A perfect, adult-like grasp requires considerable visual analysis of the object (affordance extraction). We postulate that the
visual information to the grasp learning circuit is very limited at the early phases of grasping (4-9 months) as suggested by
Rosenbaum (1991): “what is most likely is that infants younger than nine months have not yet learned to pre-program grip
size on the basis of visual information, just as infants younger than nine months have not yet learned to pre-program hand
orientation based on vision.” Thus, augmenting the development of F5 motor neurons in general will be the development of
F5 canonical neurons on the basis of AIP's recoding of the surface orientation data provided by cIPS. We will attempt to understand how the reciprocal connections between AIP and F5 canonical neurons enable each to shape the other so that, as the
F5 canonical neurons develop, so too do AIP neurons become better adapted to convert cIPS input into affordance-encoding
output. At the early stages of learning, the affordance representation covers only egocentric object location (this information
must be present because the reach task can be performed). Based on currently available information about affordances, F5
specifies to F1, and the motor plant executes, a specific grasp action. If it turns out that the plan was successful, that is if somatosensory cortex signals a success, then the connections (cIPS  AIP, AIP  F5, F5  AIP) contributing to that decision
are enhanced. If it was a failure then the connections contributing to the decision are decreased. Thus the learning we use can
be called supervised anti-Hebbian or simple reinforcement learning. A minor problem is that the grasp plan for a given input
need not be unique. For example, given an apple to grasp we can approach the target from any. In some sense then the circuit
learns the conditional probabilities of grasp parameters given the affordance input (and other contextual biasing) using reinforcement learning.

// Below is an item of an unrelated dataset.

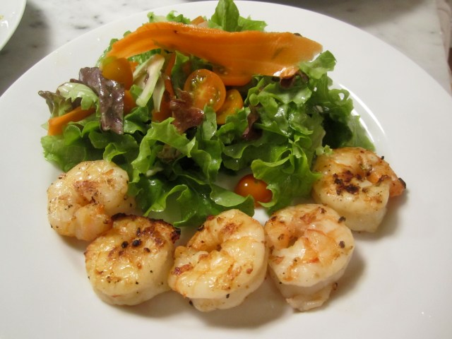 After the pasta plates were cleared, I tossed the shrimp on the hot grill. While the shrimp grilled, I tossed the salad, which consisted of a combination of fresh red and green lettuces, cherry tomatoes, shaved carrots and cucumbers. The dressing was my usual red wine vinegar, olive oil, salt and pepper.

Visual Feedback for Grasping: A Possible Precursor of the Mirror Property
We will explore here the novel hypothesis that the F5 mirror neurons develop by selecting, via re-afferent connections, patterns of visual input describing those relations of hand shapes and motions to objects that prove effective in visual guidance of
a successful grasp. Such a hypothesis will let us tap data on error correction to refine our developing model of action recognition. The validation here is computational: if the hypothesis is correct, we will be able to show that such a hand control system
indeed exhibits most of the properties needed for a mirror system for grasping. For a reaching task, the simplest visual feedback is some form of signal of the distance between object and hand. This may suffice for grabbing bananas, but for peeling a
banana, feedback on the shape of the hand relative to the banana, as well as force feedback become crucial. We predict that
the parameters needed for such visual feedback for grasp will look very much like those we specified explicitly for our MNS1
hand state.
We will model superior temporal sulcus (STS) and PF as providing crucial inputs for the premotor mirror system. The result will be a neural representation of the observed scene to be processed by other regions. The modeling will address available data, but also feed into the design of new experiments. For example, Jellema et al. (2000) found cells in anterior STS
(STSa) which respond selectively to the sight of reaching but only when the agent performing the action is seen to be attending to the target position of the reaching. One cell population responds selectively to faces, eye gaze, and body posture, and
they argue that subsets of these cells code for the direction of attention of others. A second cell population is selectively responsive to limb movement in certain directions. The responses of a subset of cells sensitive to limb movement are modulated
by the direction of attention (indicated by head and body posture of the agent performing the action). The Parma group plans
to record from monkey STS with multiple electrodes to understand better its organization (somatotopy, motor properties,
movement vs. action).1 The recent findings from Parma on mirror-like neurons in area PF of parietal cortex (Fogassi et al.,
1998) and the connection of this area with the mirror neuron region of area F5 (Matelli 1994) indicates an intimate relation
between PF and F5 mirror neurons. We propose that PF mirror neurons provide crucial input for F5 mirror neurons. The similarity of STS and PF responses to active hands, combined with the connectivity pattern of superior temporal sulcus and area 7
makes the STS-PF circuit a plausible approximation to the primate hand shape-motion recognition circuit. Fogassi is studying
the mouth field and will continue his PF studies.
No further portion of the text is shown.